Chandler gestured toward a chair at the head of the conference room table, but the president didn’t move. He glanced through the large one-way mirror that overlooked the PEOC’s nerve center, the equivalent of the Situation Room that was located below the Oval Office in the West Wing, only much larger.

He folded his arms and stared at his chief of staff, which was his nature, a posture that often intimidated those locked in the president’s dark eyes.

“Mr. President, we are still awaiting details from our recon satellites. We’ve analyzed video obtained from the news networks, as well as footage provided to us by Israel. It’s apparent that in revenge for the killings at Isfahan, Iran chose to retaliate with several nuclear warheads attached to their Russian-designed ballistic missiles.”

“They had no proof Israel was behind that attack! You solve these matters through diplomacy, not firing off nukes.” The president was incensed.

Chandler moved on with his explanation. “Israel’s defenses worked, although parts of Tel Aviv and Haifa to the north were both struck. We have reports of extensive damage and mass casualties.”

“Israel retaliated?” the president asked.

“In a big way, sir. Tehran was mostly leveled.”

“I take it they’ve stopped.”

“Yes, sir. At least with respect to the nukes. Iran is still active military. If I may, please let me defer to the Pentagon on this.” Chandler motioned to the Pentagon’s representative to brief the president on Iran’s naval blockade and other troop movements.

After he finished his portion of the briefing, Chandler brought the White House communications team into the conversation.

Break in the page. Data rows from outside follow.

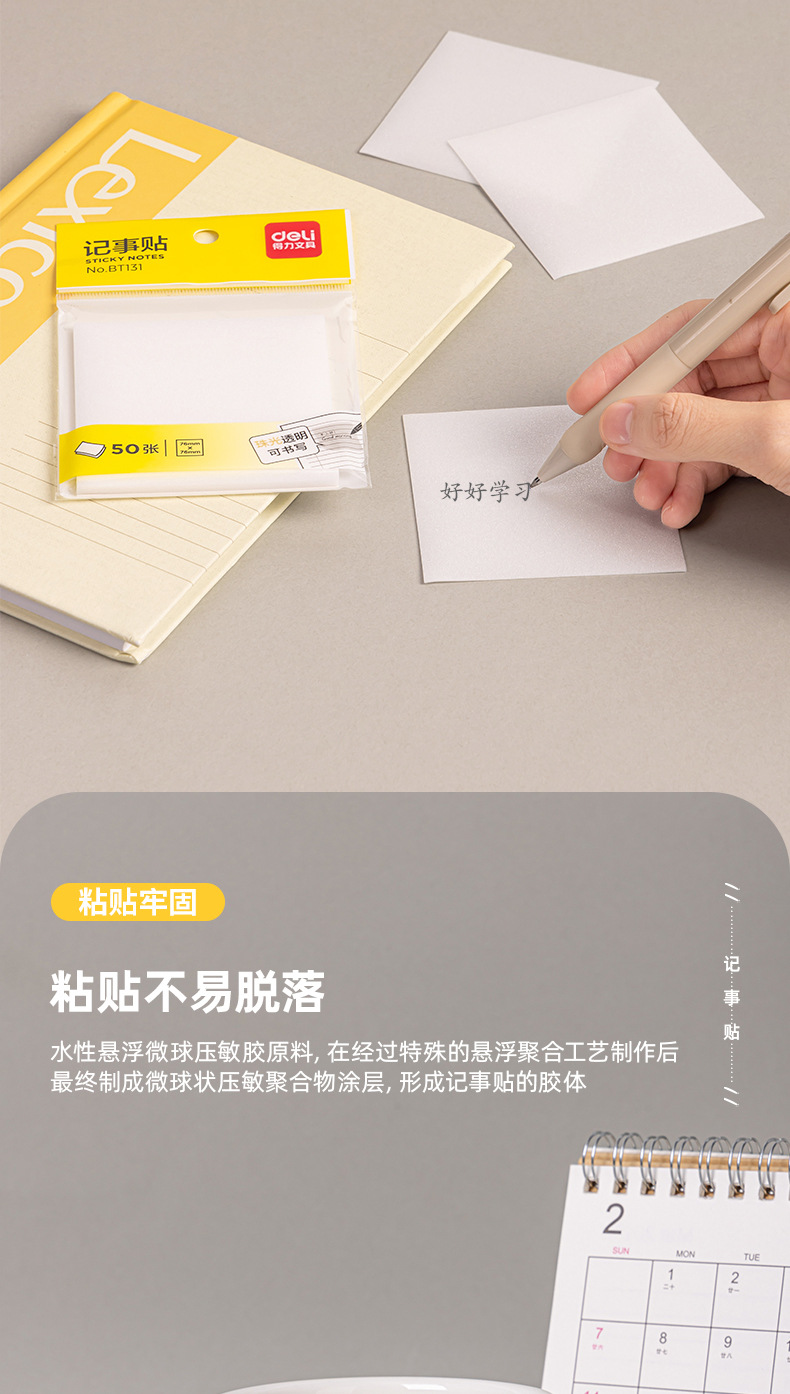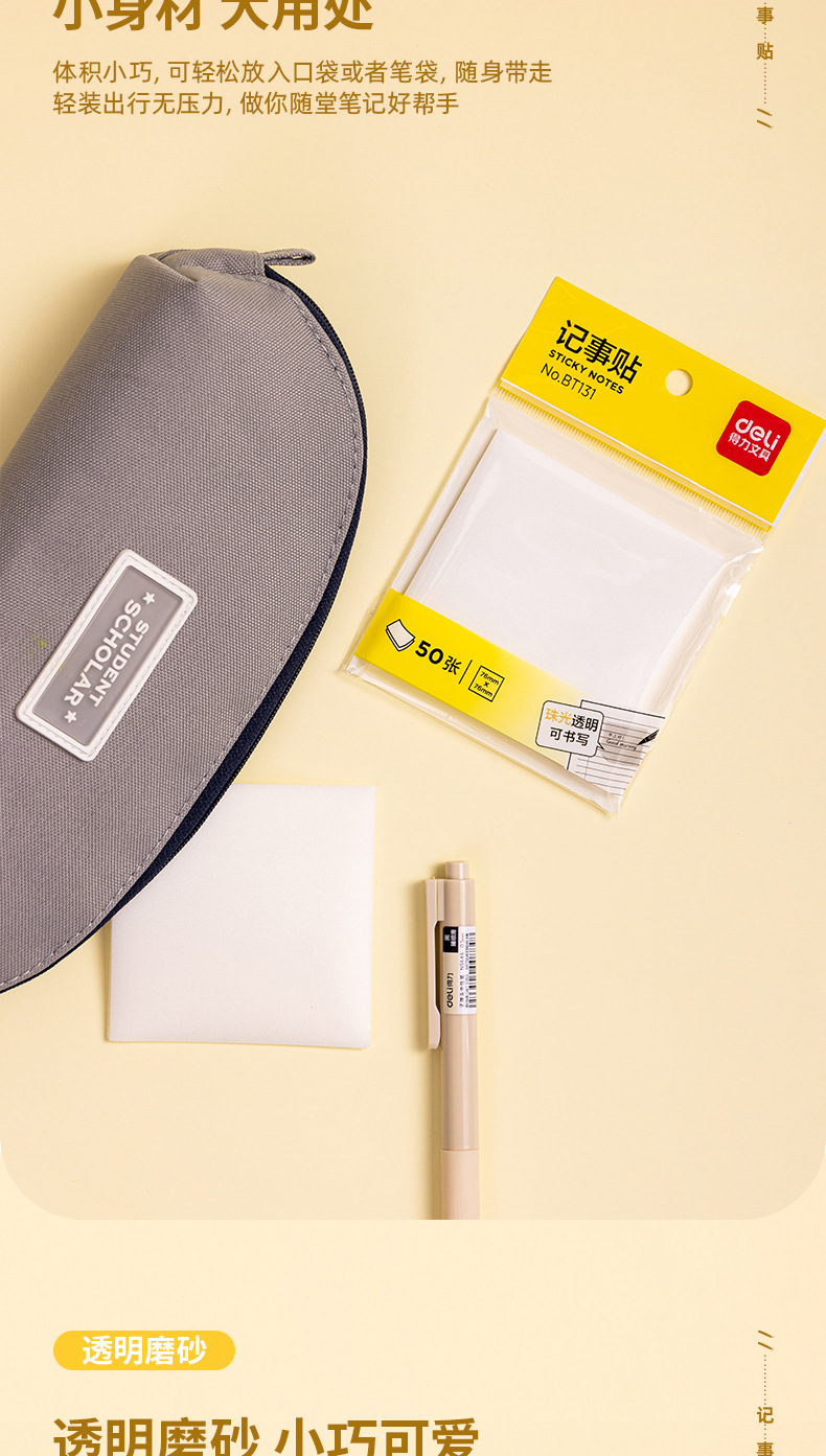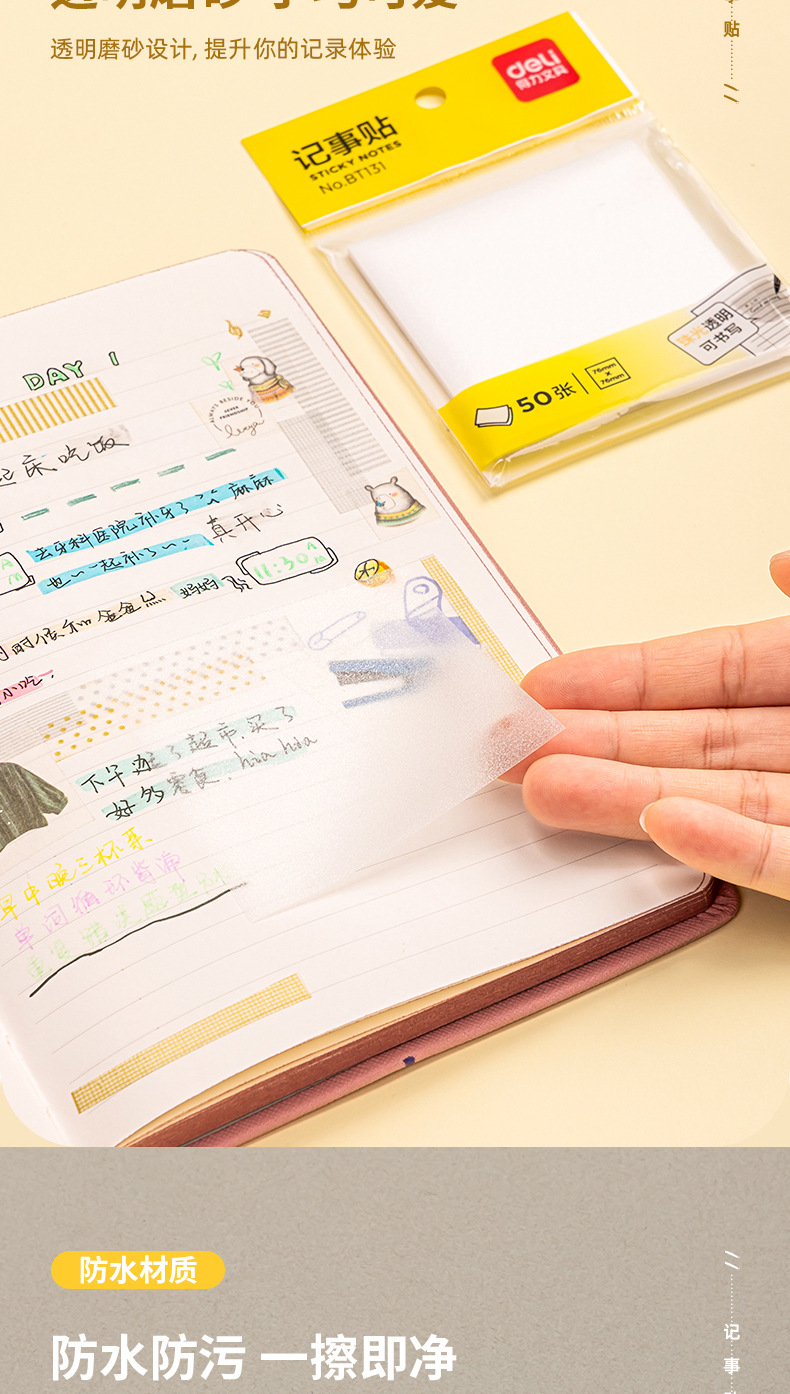 델리 BT131 메모장 76*76mm/50 (투명) 자체 접착 메시지 책 사무용품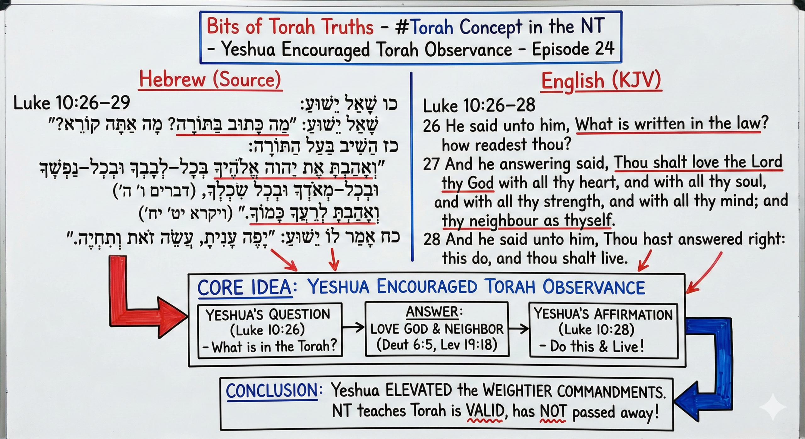 כו שָׁאַל יֵשׁוּעַ׃ ״מַה כָּתוּב בַּתּוֹרָה? מָה אַתָּה קוֹרֵא?״ כז הֵשִׁיב בַּעַל הַתּוֹרָה׃ ״וְאָהַבְתָּ אֶת יהוה אֱלֹהֶיךָ בְּכָל–לְבָבְךָ וּבְכָל–נַפְשְׁךָ וּבְכָל–מְאֹדְךָ וּבְכָל שִׂכְלְךָ, (דברים ו׳ ה׳) וְאָהַבְתָּ לְרֵעֲךָ כָּמוֹךָ.״ (ויקרא יט׳ יח׳) כח אָמַר לוֹ יֵשׁוּעַ׃ ״יָפֶה עָנִיתָ, עֲשֵׂה זֹאת וְתִחְיֶה.״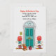 Uma porta frontal chata com plantadores topicários de ambos os lados e um ursinho de pelúcia e presente na frente. Seu número de endereço está no topo da porta. http://www.freepik.com/free-vector/sketchy-british-house-door_800124.htm.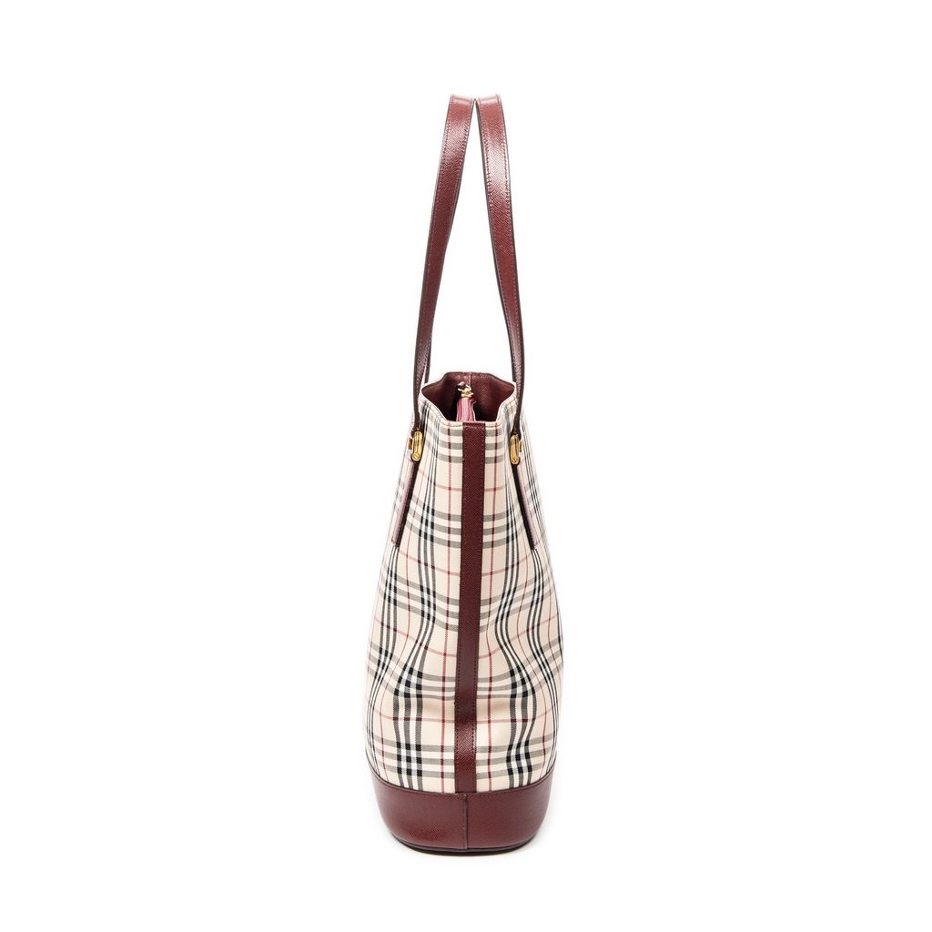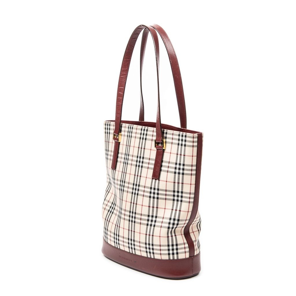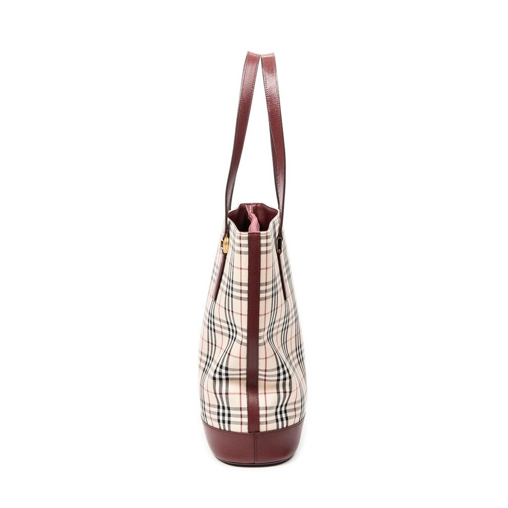 A vintage Burberry beige/burgundy canvas Large Tall Tote bag with a certificate of authenticity, Approximately 32cm height, 28cm width.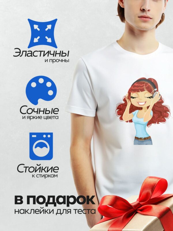 Термонаклейка на одежду DTF / Мультяшная девушка с красными волосами в наушниках, улыбается.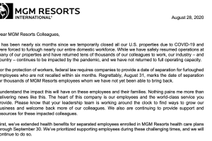 Thousands of MGM Resorts employees will lose their jobs effective Aug. 31, according to a letter sent by CEO Bill Hornbuckle.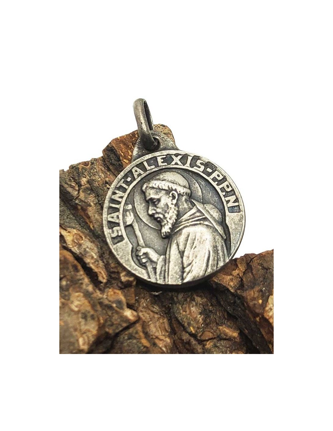 Medalla de San Alexis de Roma, o Alexis de Edesa, conocido como el Hombre de Dios. Santo cristiano fallecido en 412, celebrado el 17 de febrero por la Iglesia ortodoxa y el 17 de julio por la Iglesia católica. Es el patrón de los mendigos, los peregrinos, los viajeros, los fabricantes de cinturones y las enfermeras.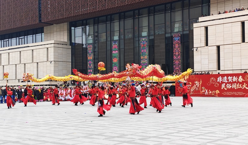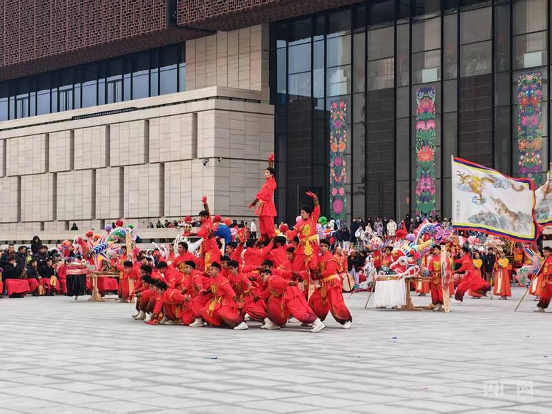 央广网北京3月1日消息(记者 宋雪)共舞锦绣山河,同贺盛世安康。2月28日、3月1日,中国非物质文化遗产馆和中国共产党历史展览馆联合举办“非遗贺新春 民俗闹红火”系列活动。活动汇聚了来自北京、陕西、山西、浙江、内蒙古等8个省(区、市)的民俗展演团队,近600名表演人员,为广大观众呈现麒麟舞、寿阳高跷竹马戏、蒙古族马头琴音乐、龙舞(浦江板凳龙)等14项民俗展演项目。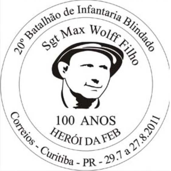 Carimbo comemorativo Sgt Max Wolff Filho, 100 anos Herói da FEB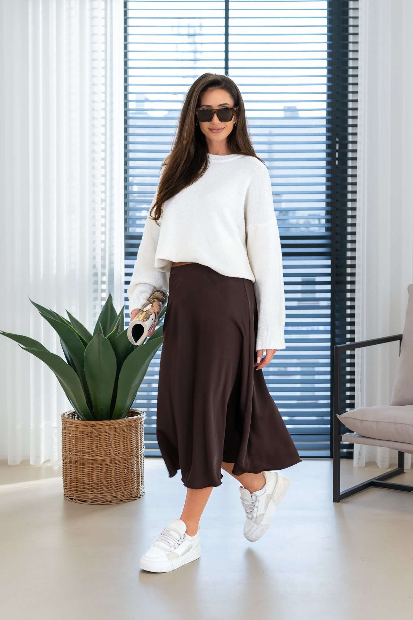 Modelka ma 178cm wzrostu i nosi rozmiar „S”
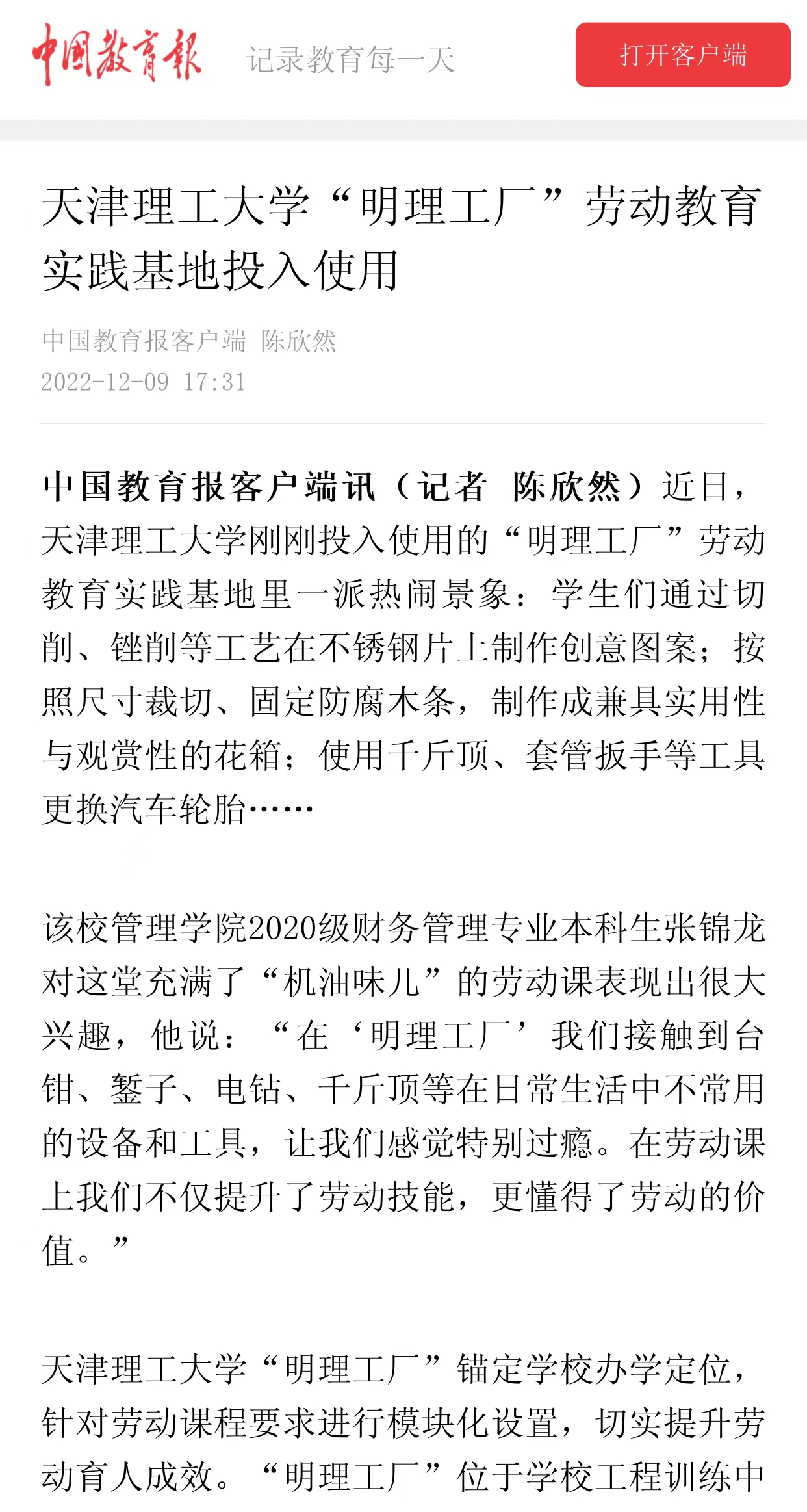 12月9日,中国教育报客户端报道米兰“明理工厂”一期工程在工程训练中心成功试运行,开设不锈钢艺术卡片制作、防腐木花箱制作、汽车轮胎更换等科目,打造学生劳动教育实践平台的情况,内容如下: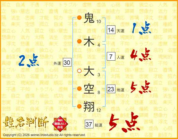 鬼(10画)木(4画) 大(3画)空(8画)翔(12画)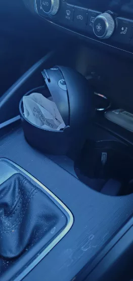 This charming little bin is a perfect fit for my cupholder, making trash disposal effortless with its sliding top. It's light, easy to clean, and ideal for collecting small trash items while keeping potential odors contained under its lid.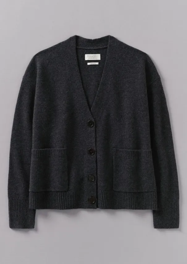 A lofty blend of wool and cashmere brings softness to our cardigan. Knitted to a boxy, loosely fitting shape with dropped shoulders and long sleeves, then finished with patch pockets. Lofty wool and cashmere blend. V neck. Dropped shoulders. Integral ribbed sleeves and hem. Ribbed patch pockets. Corozo buttons. Details Hand wash. 70% wool, 30% cashmere. Made in China.Made using recycled fibre.Soft yarns are liable to pill to some extent, even when using those of the best quality. To take good care of them remove any pills using a pilling comb and protect them from sharp items or jewellery that may catch or snag. Size & Fit Easy fit. Length: Mid hip. Sleeve: Full length. Neck: V neck.Studio model Nova is 5ft 9in/175cm tall and is wearing a size S.

“Mr. President,” the communications director began, “we’re under tremendous pressure to comment on our response.”

President Helton, who’d stood for the entire briefing with his arms crossed, nodded and spread his hands apart. “Of course. Of course. Naturally, we’re saddened by the loss of life, and we strongly condemn the actions of the Iranian regime. There is no place in our civilized world for the use of nuclear weapons.”

“Yes, sir. I understand. However, the pressure relates to what actions we plan on taking to defend our closest ally in the Middle East—Israel. The media wants to know whether we are going to declare war on Iran and enter the Persian Gulf to restore order. Also, they want to know if we’re willing to state unequivocally that our use of nuclear weapons in response is off the table.”

The president shook his head in disbelief. Only hours ago, two nations had devastated one another with nuclear missiles, and the media wanted to know if America was prepared to fire off a few more. This was going to be a long day.

CHAPTER SIXTEEN

Sunday, October 20

Washington Times

Washington, DC

Every young person who dreamed of becoming a journalist enjoyed seeing a vintage, yellowing photograph of the city desk of a newsroom from the mid-twentieth century. Scrambling to put together the afternoon paper, a once-grand tradition in America, had gone the way of manual typewriters and carbon paper. Gone were the tape recorders and spiral notebooks. Editing consisted of retyping whole paragraphs and pasting them on top of the material to be deleted. There were no computers or internet or smartphones to record news in real time.

Newsrooms were filled with furnishings that looked like they’d been picked up at a garage sale. Scarred wooden desks were covered with papers and perhaps a nondescript desk lamp. To the side, perched on a rolling table, was a manual typewriter made by companies like Royal and Smith-Corona. Reporters who were assigned to the field or to travel with a high-ranking government official were assigned a Remington Portable, which was basically a typewriter in a box.